Nutt is skilled in taking us inside each character in this family -- Kelly, Wayne, Jonas and Wyatt/Nicole. Each of their individual experiences are complicated, but Nicole's parents and brother always know that her experience is the most complicated and fraught. They have her back. Through strife, harassment and financial woes, the love evident in this family is the constant; and it's that emphasis -- abiding love, support and teamwork -- that makes you know this family will prevail.

I was struck by how naturally children accept gender as being more internally than externally derived and defined. It's adults -- parents and grandparents of kids at the twins' school -- who make a stink about Nicole using the girls' restroom. Children, more accustomed to imaginative play, are more fluid, flexible and forgiving. We see this flexibility evidenced in a scene, shortly after Wyatt has officially changed her name to Nicole, around age ten.
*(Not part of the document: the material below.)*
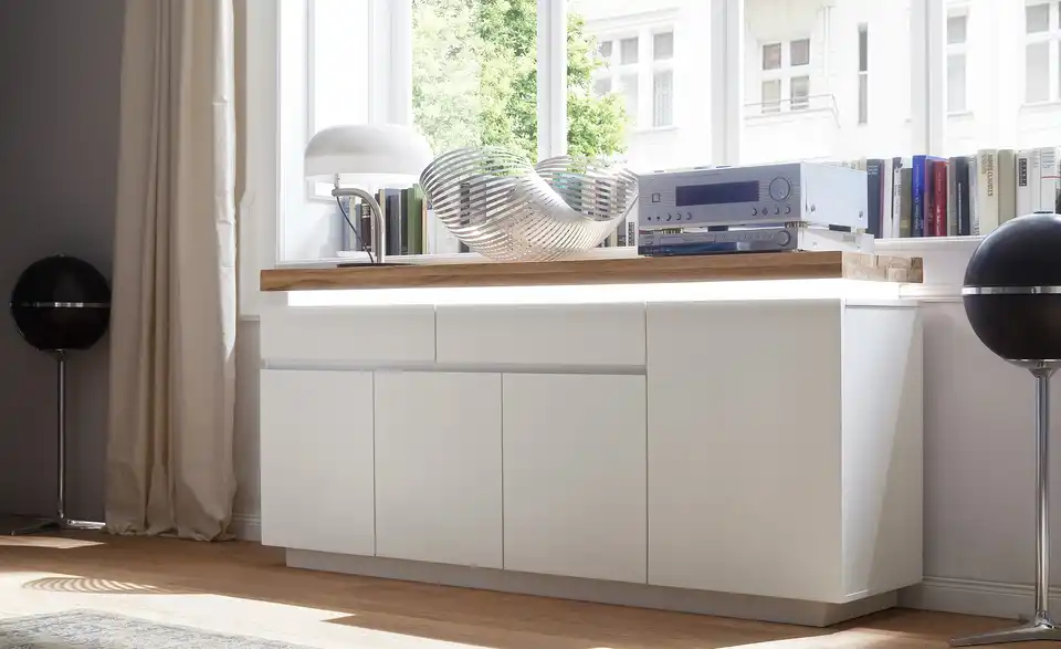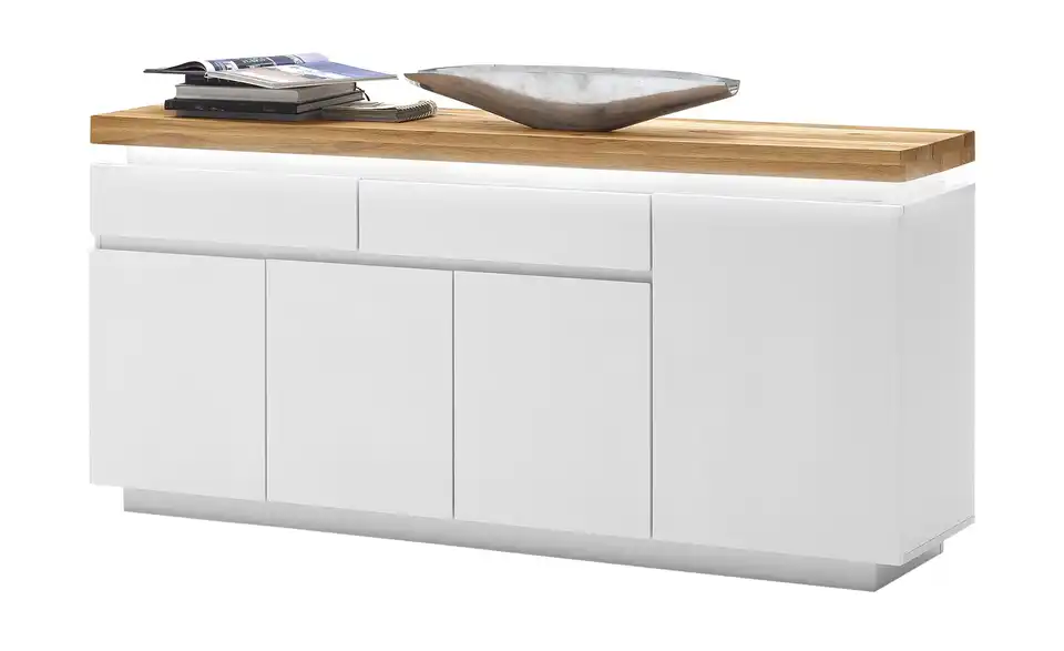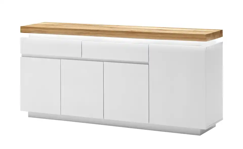 Sie brauchen mehr Stauraum? Dann ist das Sideboard Fornico genau richtig für Sie. Es ist mit vier Türen und zwei Schubladen ausgestattet. Hinter den Türen sind insgesamt sechs geräumige Fächer zu finden. Fornico ist weiß lackiert. Die Abdeckplatte setzt Kontrastakzente, sie ist aus massiver, geölter Eiche gefertigt. Eine Beleuchtung mit energiesparenden LED ist im Lieferumfang enthalten. Sie können Sie mit der ebenfalls mitgelieferten Fernbedienung dimmen.Lieferung & Versand

...a neighbor's son, Logan, came over to hang out with the twins. Jonas asked him if wanted to play ninjas, then said, 'Oh, and Wyatt's new name is Nikki.'

"'Okay,' Logan answered. 'Nikki, can I have that sword?'

The kids don't blink.

This is why I found Nutt's choice of an ending especially fitting. A school counselor who had earlier been helpful to the Maines family, is doing an exercise with elementary school kids about bullying, about tolerance. Afterwards, as she's having the kids draw a picture based on the lesson, she overhears a conversation. Later, she sends a transcript of this conversation to Kelly and Wayne, knowing they will appreciate it. The end of the exchange goes like this:

BOY: "...we have a girl in our school who is transgender."
BOY: "...well, maybe she's in middle school now."
GIRL: "That's cool."
2nd BOY: "How is she a boy and a girl?"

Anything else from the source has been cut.